Understanding Learned Societies (expected Nov. 2019)

This webinar offers a deep dive into the modern purposes, functions, and needs of scholarly societies—-with particular attention to the publishing opportunities and challenges they face within an evolving scholarly communication ecosystem. Libraries and research organizations will come away with a better awareness and understanding of learned societies’ operational needs and academic impacts, positioning them to engage in strategic decision-making about how they wish to support society-related publishing endeavors. Suggested audience: libraries, research organizations, societies, and funders.

Funding Pathways for Learned Society OA Publishing (expected Nov. 2019)

We next provide an overview of a variety of funding models that scholarly societies may consider in transitioning to open access publishing. We will explore the implications of each funding strategy—the pros and cons—as well as associated implementation needs or partnership dependencies. This will help libraries and consortia understand their potential roles in supporting emerging OA funding models, and help societies begin to evaluate which funding strategies might work for them.

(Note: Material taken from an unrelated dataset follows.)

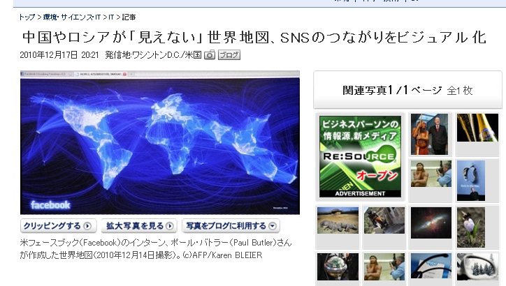米SNS大手フェースブック(Facebook)を利用する5億人のユーザーの親睦に、国境はどのような影響を与えているのか? こんな疑問を元に、フェースブックのインターン生が今週、ユーザーのつながりをビジュアル化した世界地図を作成した。

Suggested audience: libraries, research organizations, societies, and funders.

Engaging Societies and Society Journals in Transitioning to OA Publishing (expected Dec. 2019)

The webinar series concludes with an exploration of how authors and libraries can work with and support society journals and publishers as they prepare for and undertake an OA transition. We will examine the kinds of resources, consultations, and advocacy both needed and available for authors, libraries, and society journals. Suggested audience: society journal authors and editors, and libraries.

More details about dates and times for these informative webinars is forthcoming. As a webinar participant, you will also have an opportunity to provide feedback to further inform support and efforts by SocPC and TSPOA.